Living on ul. Śliska when the Nazis invaded Poland, he and his family were imprisoned inside what was to become the biggest ghetto in Europe. Continuing to scrape a living as a musician in the many ghetto cafés, he paints a vivid picture of epidemics, infestations, starvation and overcrowding. Having survived ‘selection’ for so long, Szpilman and his family were finally rounded up on August 16, 1942. Taken to the Umschlagplatz, Szpilman managed to escape the transportations to Treblinka death camp when he was hauled out of a cattle truck by a policeman who had recognised him. The rest of his family were not so lucky.
The remainder of his war days were spent working in a slave-labour unit, building a German barracks on ul. Narbutta 8 (now rundown flats), before escaping and hiding in locations around the city (including ul. Noakowskiego 10 and ul. Pulawska 83 to mention a few). To this day, all the addresses mentioned remain standing. The dying days of the war saw Szpilman living in increasing despair, weakened by starvation and ill health. He was only saved from certain death when a Nazi officer, Captain Wilm Hosenfeld, discovered him scavenging in the ruins of his hiding spot on al. Niepodległości 223 and fed and watered him. In a surreal twist of irony, whereas Szpilman resumed his career as a successful composer after the war, his German guardian angel died in the captivity of a Soviet labour camp.
His book was published shortly after the war, originally titled ‘Death of a city’. Censored by the communists, Szpilman’s story was soon forgotten, and he continued to ply his trade as a pianist - even founding the Sopot Song Festival in 1961. It was only when his son, Andrzej, discovered his fathers dusty manuscripts that the book was re-published in 1998 and led to the creation of 'The Pianist'. Szpilman himself passed away in Warsaw on July 6, 2000.
Filming of The Pianist began on February 19, 2001 and primarily took place in the Babelsberg Studios in Berlin and the streets of Warsaw (ul. Nowy Świat, Krakowskie Przedmieście, ul. Kozia and the district of Praga, specifically ul. Mała and ul. Stalowa were all used for shooting).
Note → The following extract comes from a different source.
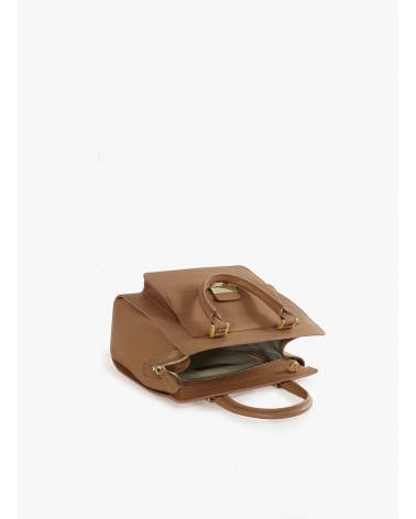 Tobacco color genuine leather structured bag with metal closure

Starring Adrien Brody (Summer of Sam, Bread and Roses) the audition for the lead role was originally advertised in the Guardian newspaper and attracted over 1,400 applicants, including one from a black woman and one from a Chinese woman. Director Roman Polański, rather astutely, chose Brody ahead of the rest. Losing over 14kg for the role, Brody puts in an inspired and powerful performance, cementing his status as a rising star.